1. Field of the Invention
The present general inventive concept relates to an image display device with a sequential driving method, and more particularly, to an image display method to improve brightness of an output image of an image display device using a sequential driving method and a plurality of single-color light sources.
2. Description of the Related Art
Color display devices, such as plasma display panels (PDPs) and micro display (MD) devices, such as liquid crystal display (LCD) devices, liquid crystal on silicon (LCoS) devices, and digital micro mirror devices (DMDs), are widely used for computer monitors and TV sets.
In the display devices, a color image is realized by sequentially driving primary color image signals (red, green, and blue image signals) obtained from an original image signal at such a high speed to be undetectable to humans. A projection system uses a high intensity arc lamp as a light source and filters all colors except red, green, and blue from a light beam generated by the light source. Since an optical transport system for simultaneously displaying three primary color images requires three light sources and three optical paths, the optical transport system is heavy and large.
The weight of the optical transport system can be reduced by sequentially driving the three primary color image signals using a color wheel or a color filter with a single light source and by using a light path in common.
As illustrated in FIG. 1, the display devices generate RGB optical signals by sequentially filtering colors from an optical signal generated by one light source using a color wheel to realize lightweight devices, and use a conventional sequential driving method to sequentially drive the RGB optical signals.
However, according to a characteristic of the conventional sequential driving method, since an optical signal generated by one light source is divided into at least 3 signals, brightness of images output from the display devices is lowered. That is, the intensity of the images is only a third of the total light intensity due to the reflectivity of the color wheel or ribs of the color wheel. Accordingly, the display devices use a high power lamp or a high power electrode to have higher output optical intensity than a cathode ray tube.

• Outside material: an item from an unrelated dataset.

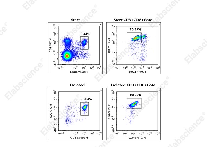小鼠初始CD8+T细胞阴性分选试剂盒采用阴性分选技术,通过特异性抗体标记非目标细胞,再利用磁珠结合去除杂质细胞,从而富集得到目标初始 CD8+T 细胞(CD3+CD8+CD44-/lowCD62Lhigh)。经流式细胞术检测验证,使用 APC Anti-Mouse CD3ε 抗体、Elab Fluor® Violet 450 Anti-Mouse CD8a 抗体等特异性抗体检测后,分选前初始 CD8+T 细胞比例仅为 2.55%,分选后纯度可高达 94.77%,确保目标细胞的高富集度。

To avoid large amounts of power consumption and heat generation problems due to the use of the high power lamp or the high power electrode, 4-color display devices enhancing brightness of output images by adding a white color component to 3 primary color components, as shown in FIG. 2, have been developed. The white color component can be obtained by projecting or reflecting the optical signal generated by the light source through or from a white color filter.
A conventional method of enhancing brightness of output images by adding a white color filter is disclosed in U.S. Pat. No. 5,233,385 in the name of Texas Instrument Incorporated entitled “White Light Enhanced Color Field Sequential Projection.”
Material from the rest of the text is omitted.